*WHAT YOU NEED TO DO*: Each line from the one bearing "Przedstawiamy fronty wykonane" through the last line of the entries below should be returned exactly, with pictures left out.
*-*-*
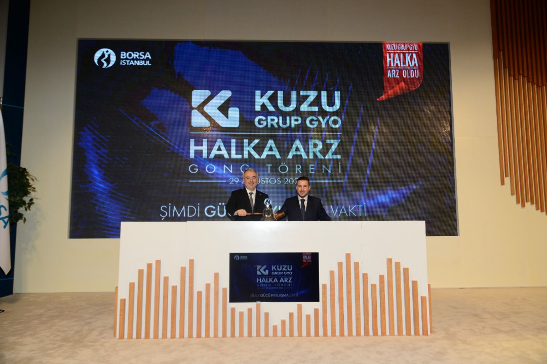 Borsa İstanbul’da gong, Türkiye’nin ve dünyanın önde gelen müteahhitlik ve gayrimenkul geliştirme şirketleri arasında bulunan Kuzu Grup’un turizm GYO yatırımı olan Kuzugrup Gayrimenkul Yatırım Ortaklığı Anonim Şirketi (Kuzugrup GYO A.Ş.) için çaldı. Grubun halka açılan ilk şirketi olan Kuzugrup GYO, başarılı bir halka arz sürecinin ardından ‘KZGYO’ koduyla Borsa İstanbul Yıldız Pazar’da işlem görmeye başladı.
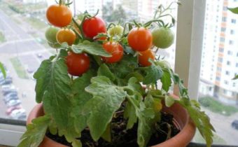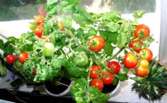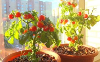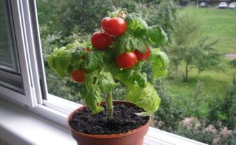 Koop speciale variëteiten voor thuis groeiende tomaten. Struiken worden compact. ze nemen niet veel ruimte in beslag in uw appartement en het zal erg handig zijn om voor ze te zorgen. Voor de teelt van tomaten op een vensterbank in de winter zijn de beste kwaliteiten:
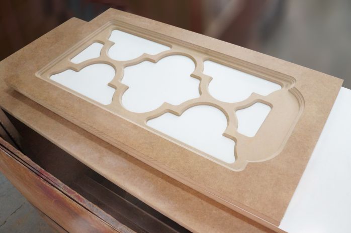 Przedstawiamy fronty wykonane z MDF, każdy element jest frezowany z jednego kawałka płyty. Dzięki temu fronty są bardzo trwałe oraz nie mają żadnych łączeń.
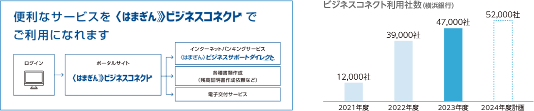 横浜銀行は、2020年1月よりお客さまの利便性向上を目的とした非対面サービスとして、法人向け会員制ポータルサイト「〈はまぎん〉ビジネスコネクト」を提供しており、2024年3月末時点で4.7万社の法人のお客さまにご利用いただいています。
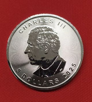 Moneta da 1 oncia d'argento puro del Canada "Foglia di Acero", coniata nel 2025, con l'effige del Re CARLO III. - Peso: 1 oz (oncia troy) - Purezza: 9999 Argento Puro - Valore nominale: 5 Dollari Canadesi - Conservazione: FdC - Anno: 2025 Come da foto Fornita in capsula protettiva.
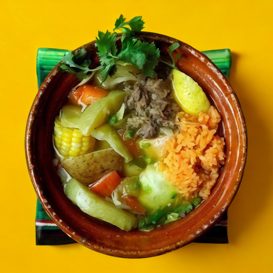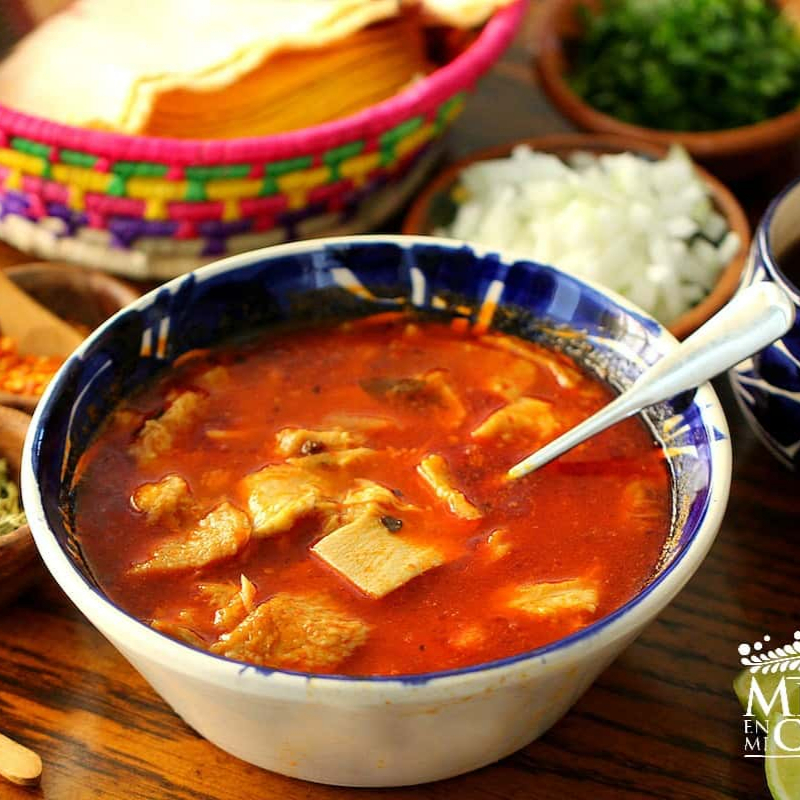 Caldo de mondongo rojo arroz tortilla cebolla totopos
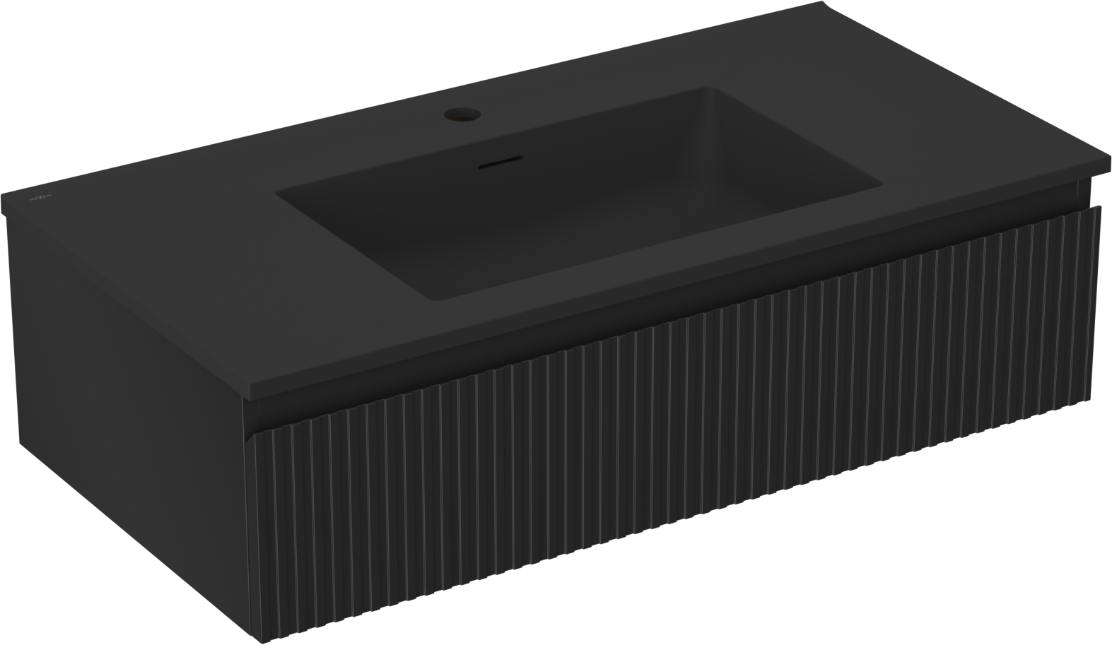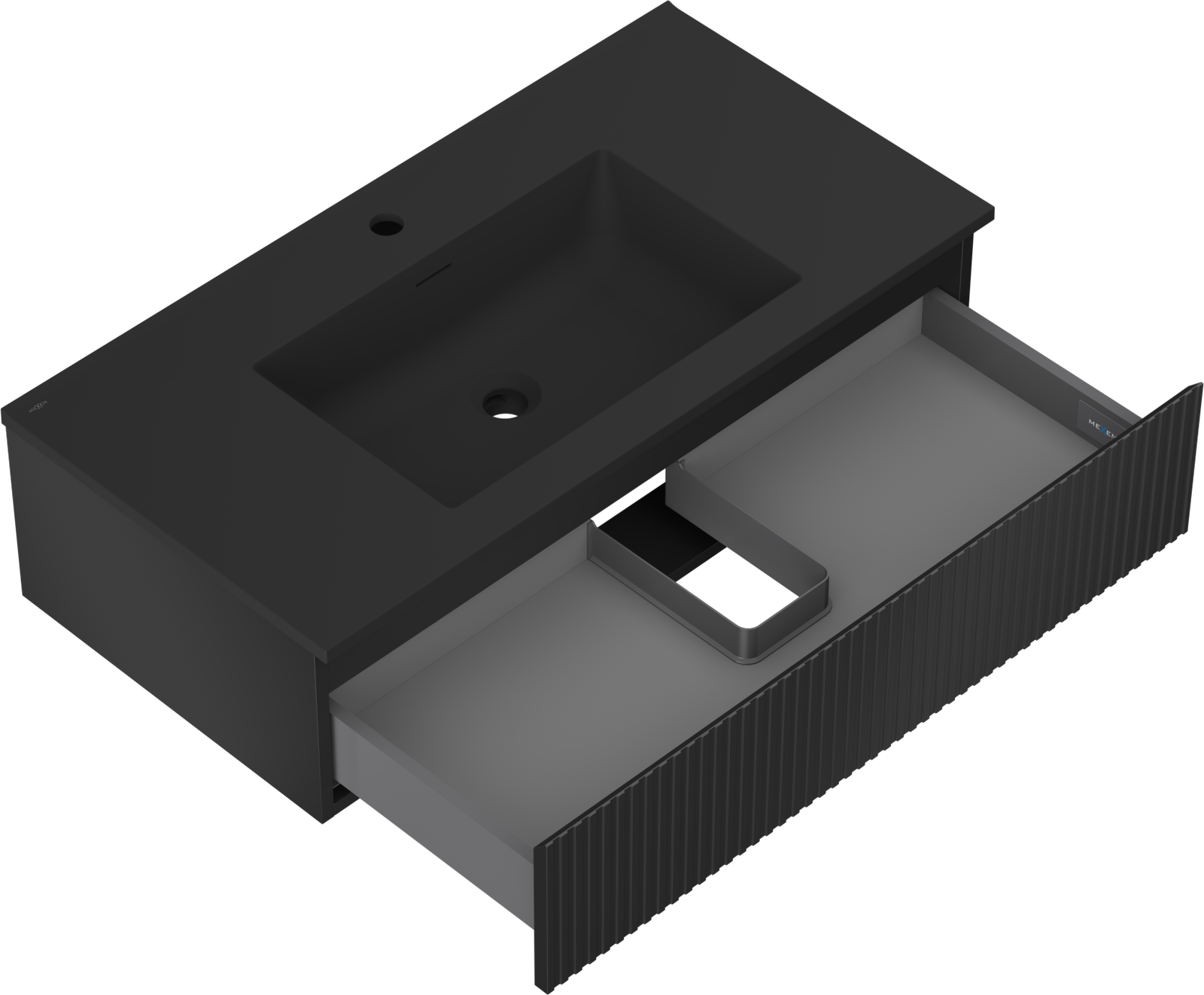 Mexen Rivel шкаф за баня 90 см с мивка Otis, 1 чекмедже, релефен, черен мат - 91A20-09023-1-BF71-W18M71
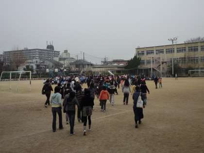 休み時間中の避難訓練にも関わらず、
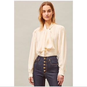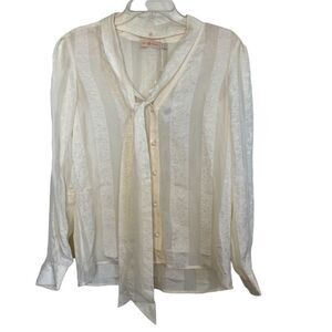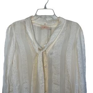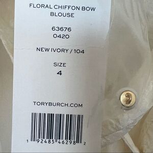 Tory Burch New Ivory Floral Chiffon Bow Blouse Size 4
*-*-*
*EXERCISE RESPONSE*:
 Przedstawiamy fronty wykonane z MDF, każdy element jest frezowany z jednego kawałka płyty. Dzięki temu fronty są bardzo trwałe oraz nie mają żadnych łączeń.
 横浜銀行は、2020年1月よりお客さまの利便性向上を目的とした非対面サービスとして、法人向け会員制ポータルサイト「〈はまぎん〉ビジネスコネクト」を提供しており、2024年3月末時点で4.7万社の法人のお客さまにご利用いただいています。
 Moneta da 1 oncia d'argento puro del Canada "Foglia di Acero", coniata nel 2025, con l'effige del Re CARLO III. - Peso: 1 oz (oncia troy) - Purezza: 9999 Argento Puro - Valore nominale: 5 Dollari Canadesi - Conservazione: FdC - Anno: 2025 Come da foto Fornita in capsula protettiva.
 Caldo de mondongo rojo arroz tortilla cebolla totopos
 Mexen Rivel шкаф за баня 90 см с мивка Otis, 1 чекмедже, релефен, черен мат - 91A20-09023-1-BF71-W18M71
 休み時間中の避難訓練にも関わらず、
 Tory Burch New Ivory Floral Chiffon Bow Blouse Size 4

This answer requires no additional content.